#### Task to carry out
Every line of the listing should be retyped exactly, but none of the pictures should be.

*** Data extract Section Begins ***

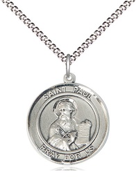 Sterling Silver Saint Paul the Apostle Pendant on a 18 inch Light Rhodium Light Curb chain
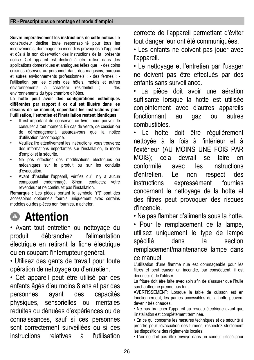 + La hotte ne doit JAMAIS être utilisée comme une surface d'appui, sauf indication expresse.
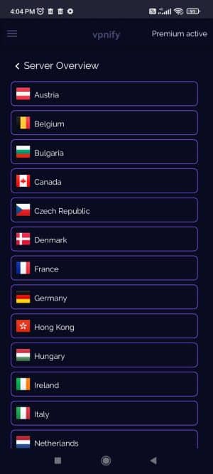 30+ locations with 200+ IPs : There are more than 30 countries which you can choose from with 200+ IP addresses which makes the Vpnify mod app highly secure VPN app with more diverse Servers to choose.
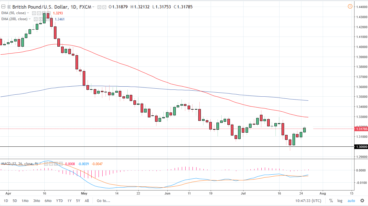 The British pound rallied a bit during the trading session on Wednesday, reaching towards the 1.3175 level as I record this. The market does look healthy though, as if we are trying to retake the 1.3250 level above, an area that had a lot of supply. Ultimately, I think that the market probably continues to find reasons to be very noisy, not the least of which will be political theater coming out of the United Kingdom, but in the end I think it looks as if the 1.30 level could offer a bit of a “floor” for the overall trend. If we are going to turn things around, that’s never a clean affair, so it would not be surprised at all if we had to pull back to find value hunters underneath. I look at the 1.33 level above as significant resistance, and the clearance of that level would be very bullish.

*** Data extract Section Ends ***

#### Result
 Sterling Silver Saint Paul the Apostle Pendant on a 18 inch Light Rhodium Light Curb chain
 + La hotte ne doit JAMAIS être utilisée comme une surface d'appui, sauf indication expresse.
 30+ locations with 200+ IPs : There are more than 30 countries which you can choose from with 200+ IP addresses which makes the Vpnify mod app highly secure VPN app with more diverse Servers to choose.
 The British pound rallied a bit during the trading session on Wednesday, reaching towards the 1.3175 level as I record this. The market does look healthy though, as if we are trying to retake the 1.3250 level above, an area that had a lot of supply. Ultimately, I think that the market probably continues to find reasons to be very noisy, not the least of which will be political theater coming out of the United Kingdom, but in the end I think it looks as if the 1.30 level could offer a bit of a “floor” for the overall trend. If we are going to turn things around, that’s never a clean affair, so it would not be surprised at all if we had to pull back to find value hunters underneath. I look at the 1.33 level above as significant resistance, and the clearance of that level would be very bullish.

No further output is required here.